MySQL Join Performance

Earlier this week I was curious about the performance of JOINs in MySQL. How severe is the performance hit of joins? How much slower is a string join over an integer join? I decided to do some tests, and I’m going to share my results here.

I did these tests on a computer with the following specs and software:

  • 3.2 GHz Pentium 4
  • 2 GB of RAM
  • Windows XP
  • MySQL 5.0.51b running in development mode (no query caching)
I made two tables:

CREATE TABLE `parents` (
`id` int(10) unsigned NOT NULL auto_increment,
`uuid` varchar(128) default NULL,
`time` datetime default NULL,
`string` varchar(128) default NULL,
PRIMARY KEY  (`id`),
UNIQUE KEY `uuid` (`uuid`),
KEY `time` (`time`),
KEY `string` (`string`)
)

CREATE TABLE `children` (
`id` int(10) unsigned NOT NULL auto_increment,
`uuid` varchar(128) default NULL,
`parent_id` int(10) unsigned NOT NULL,
`parent_uuid` varchar(128) default NULL,
`time` datetime default NULL,
`string` varchar(128) default NULL,
PRIMARY KEY  (`id`),
UNIQUE KEY `uuid` (`uuid`),
KEY `parent_id` (`parent_id`),
KEY `parent_uuid` (`parent_uuid`),
KEY `time` (`time`),
KEY `string` (`string`)
)

I filled these tables with records using the following Ruby code:

require 'mysql'
require 'digest/sha1'
require 'base64'

RECORDS = 10_000
stringS = ['blue', 'red', 'green'].freeze

my = Mysql::new("localhost", "user", "password", "db_perf")

my.query("DELETE FROM parents")
my.query("DELETE FROM children")
my.query("ALTER TABLE parents  AUTO_INCREMENT = 1")
my.query("ALTER TABLE children AUTO_INCREMENT = 1")

def make_uuid(arg)
Digest::SHA1.hexdigest(arg.to_s)
end

start_time = Time.now.tv_sec
(1..RECORDS).each do |i|
if ((i % 500) == 0)
puts "Iteration #{i}"
time    = Time.now.tv_sec
elapsed = time - start_time
time_per_record = elapsed.to_f/i
time_to_complete = time_per_record * RECORDS
puts "Minutes to complete: #{time_to_complete/60}"
end

uuid   = make_uuid(i)
time   = Time.at(i * 3600).strftime('%Y-%m-%d %H:%M')
string = stringS[i % stringS.length]
res    = my.query(
"INSERT INTO parents " +
"(uuid, time, string) VALUES " +
"('#{uuid}', '#{time}', '#{string}')" )
res    = my.query(
"INSERT INTO children " +
"(uuid, time, string, parent_id, parent_uuid) VALUES " +
"('#{uuid}', '#{time}', '#{string}', #{i}, '#{uuid}')" )
end

puts ''
puts 'DONE'
end_time = Time.now.tv_sec
elapsed = end_time - start_time
puts "Elapsed time in minutes: #{elapsed.to_f/60}"

The table engine you use and the character encoding will make a difference.

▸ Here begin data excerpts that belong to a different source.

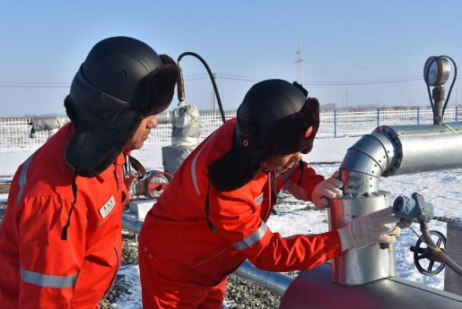 Workers check the pressure of a shale oil well of Jiqing Oilfield, in northwest China's Xinjiang Uygur Autonomous Region, Nov. 24, 2024. (Xinhua/Gu Yu)
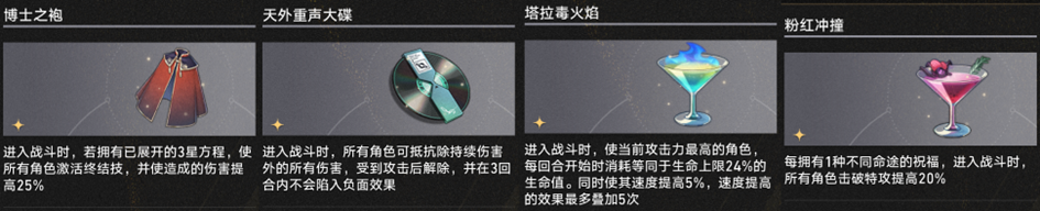 【博士袍】【碟片】和绿鸡尾酒可以提供比较通用但数额比较少的局内加成,而【粉红冲撞】则可以提供最高180%击破特攻——超击破流前期还是需要这些击破特攻属性的。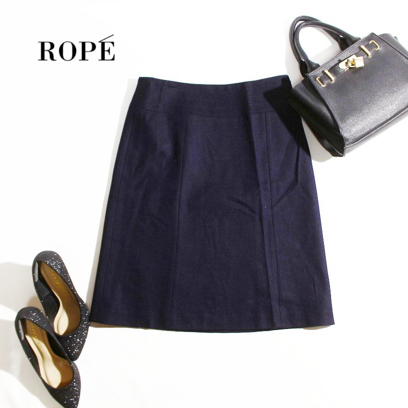 > 美品 ROPE’ ロペ 秋 冬 カシミヤ ウール混 Aライン フラノ ウールスカート 7号 36 ネイビー 紺 通勤 オフィス 綺麗め 無地 フランネル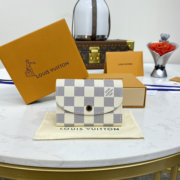 With its neat proportions and softly rounded flap, the Rosalie coin purse in Damier Azur canvas is a feminine design. The fresh canvas is complemented by a colorful grained cowhide leather lining. Inside, it offers two credit card slots and a zipped pocket for coins.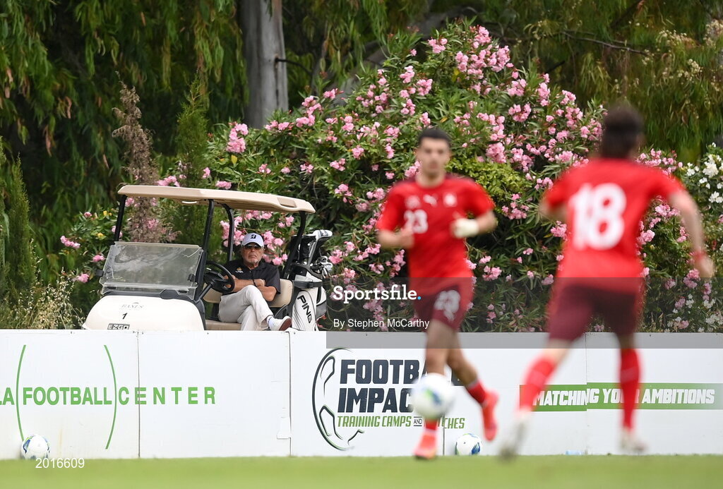 30 May 2021; A golfer stops to take in the U21 international friendly match between Switzerland and Republic of Ireland at Dama de Noche Football Centre in Marbella, Spain. Photo by Stephen McCarthy/Sportsfile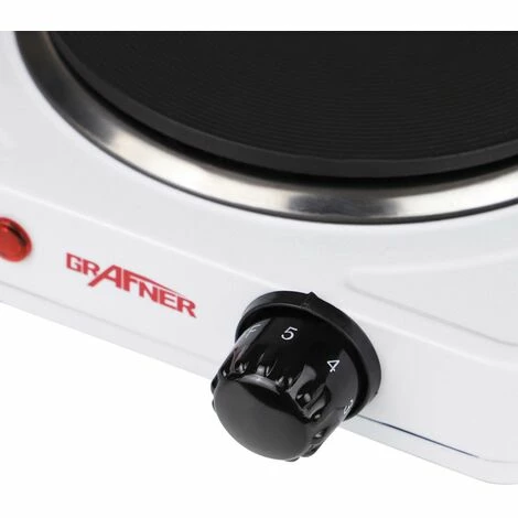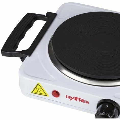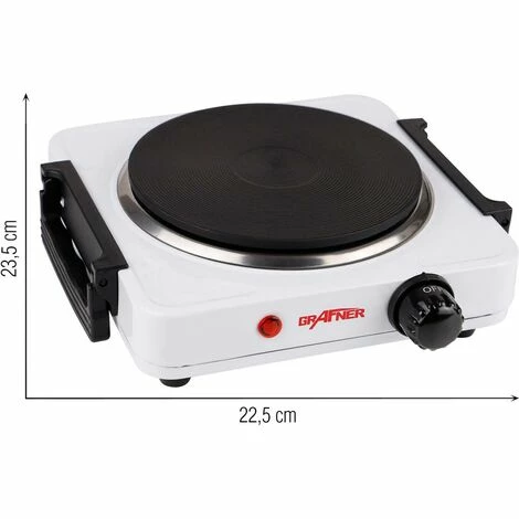 Das Kochfeld ist mit einer strapazierfähigen gusseisernen Heizfläche ausgestattet, welche einen Durchmesser von ca. 15,5 cm hat. Die Kochplatte besitzt eine Leistung von 1000 Watt, verfügt über 5 Temperaturstufen, 4 rutschfesten Füße, eine Betriebskontrollleuchte und ist mit einem Überhitzungsschutz ausgestattet.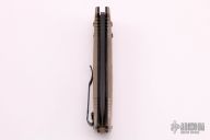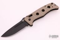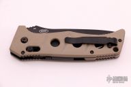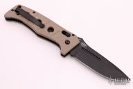 This Siebert designed 2750BKS Adamas Auto Axis Lock has a black coated D2 stainless steel drop point blade with blood grooves and notched thumb rest. Handle is tan G10 over black stainless steel liners, tan G10 spacer, reversible tip up black stainless steel clip, and spine safety button.  Includes tan nylon sheath. Excellent condition.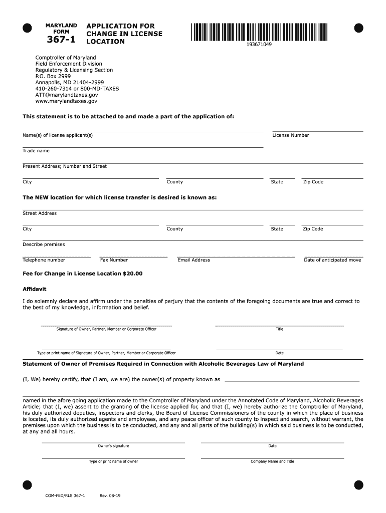MARYLAND FORM3671APPLICATION FOR CHANGE IN LICENSE LOCATIONComptroller of Maryland Field Enforcement Division Regulatory & Licensing Section P.O. Box 2999 Annapolis, MD 214042999 4102607314 or 800MDTAXES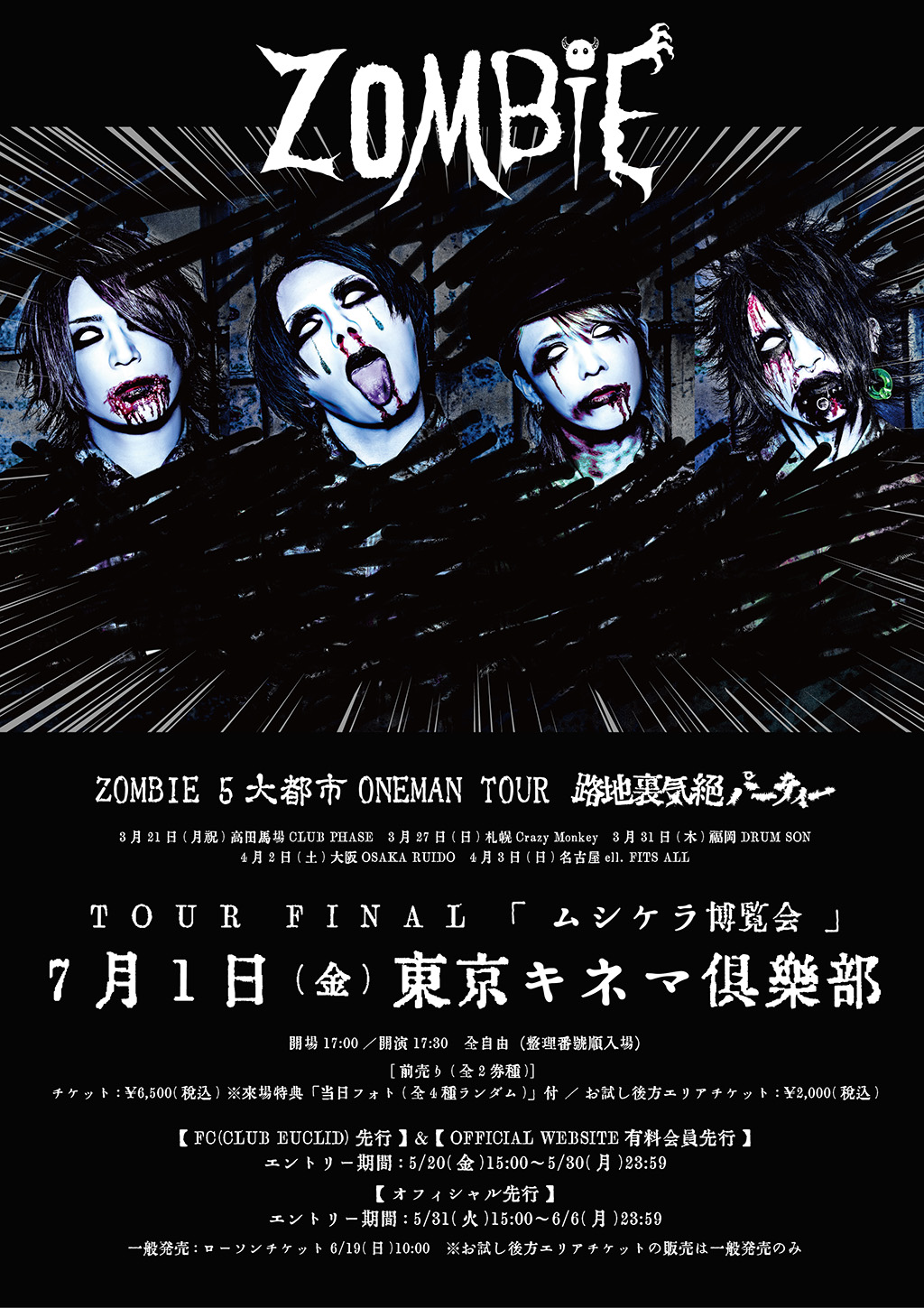ZOMBIEが5大都市 ONEMAN TOUR<路地裏気絶パーティー>のツアーファイナルとなる、東京キネマ倶楽部公演「ムシケラ博覧会」の詳細を発表した。

Why? Because the engine will affect how keys are stored and used, and the character encoding will affect the speed of string comparisons.

I use Rails these days, and when dealing with Rails, InnoDB (which is transactional) and UTF8 are common, so let’s look at them:

image

image

Blue designates queries without a join. They are:

Select Group by String SELECT * FROM children GROUP BY string
Select Group By Time Func SELECT * FROM children GROUP BY YEAR(time), DAYOFYEAR(time)
Select SELECT * FROM children

Red designates queries with a join, which are:

Join Integer Group by String SELECT * FROM children INNER JOIN (parents) ON (children.parent_id = parents.id) GROUP BY parents.string
Join Integer Group by Time Func SELECT * FROM children INNER JOIN (parents) ON (children.parent_id = parents.id) GROUP BY YEAR(children.time), DAYOFYEAR(children.time)
Join String Group by String SELECT * FROM children INNER JOIN (parents) ON (children.parent_uuid = parents.uuid) GROUP BY parents.string
Join String Group by Time Func SELECT * FROM children INNER JOIN (parents) ON (children.parent_uuid = parents.uuid) GROUP BY YEAR(children.time), DAYOFYEAR(children.time)
Join Integer SELECT * FROM children INNER JOIN (parents) ON (children.parent_id = parents.id)
Join String SELECT * FROM children INNER JOIN (parents) ON (children.parent_uuid = parents.uuid)

The 10K queries were run 10 times, and the 100K queries were run 6 times. I did a warmup round before each measured round (so for a 10K query, that means 10 times to warmup, 10 times to measure). The times you see in the charts are the average times. Be sure to turn off query caching.

The results speak for themselves, so I’m offering them up with no analysis for now.